Sunday, July 24, 2011

The beginning

        Our journey starts in a place where dreams come true. We were on a lovely trip in Disney World with our two kids, Nathan(7) and Delilah(2), when the symptoms started. Surely this couldn't be number three. We had tried for over a year and a half with no success. It couldn't be happening now. I had just restarted school online to obtain my BSN and we had finally moved on from the idea of a third child. Yet, our dream did come true, number three was on its way.

      We had decided this time around we had to know if it was a boy or girl. So on the day of our anatomy scan, we were overjoyed to hear it's a girl!

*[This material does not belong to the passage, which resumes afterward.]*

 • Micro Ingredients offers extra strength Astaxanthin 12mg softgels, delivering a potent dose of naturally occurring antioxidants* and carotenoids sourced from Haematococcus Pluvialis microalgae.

We informed our family and friends and started to think of the many possibilities of names. During the ultrasound Dr. Robichaux had quietly counted the chambers, but finally gave up due to the fact that she would not cooperate. He reassured us that everything was probably fine, but a follow-up appointment with cardiology would be just for good measure. We wrote off all bad possibilities and moved on. This pregnancy was going so smoothly.

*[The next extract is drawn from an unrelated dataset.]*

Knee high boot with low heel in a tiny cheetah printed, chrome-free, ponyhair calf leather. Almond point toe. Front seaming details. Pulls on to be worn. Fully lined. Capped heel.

       At 20 weeks, I was hospitalized with pericarditis. Nothing new for me, but the medications I had to take meant close monitoring of her fluid and a fetal echo a little sooner than originally planned. I quickly recovered and went by myself for the routine fetal echo. After flipping and flopping and attempting to get good pictures, an hour and a half had passed and the pediatric cardiologist finally gave up. He didn't want to take away all hope due to the difficulty of the scan, yet he was pretty sure she had either one ventricle or and av canal malformation. I was stunned. How did this go from routine to horrid? I walked to Dr. Robichaux's office in a gaze and lost it after seconds in his office. Dr Mulder, the pediatric cardiologist, had already called and told him of the findings. He kindly calmed me down and reassured me that at any time I could come back for him to take a second look. I had a second ultrasound scheduled with the cardiologist in two weeks. Now, we wait.

      Brett decided to go with me for the second go round of ultrasounds. When we got there, the ultrasound tech slowly and calmly took pictures without saying much. When Dr. Mulder came back in, he confirmed the diagnosis. It is HLHS. He drew pictures and answered as many questions as we had. Dr.Robichaux called later that afternoon and asked about performing an amnio for genetic studies. I watch amnios all the time. Was this really something I had to endure? I told him I had to think about it and talk to Brett about. I lived in a fog for the first 4 days, with crying spells and sheer exhaustion. The one good thing was work was crazy and it allowed me the freedom to occupy myself with other thoughts.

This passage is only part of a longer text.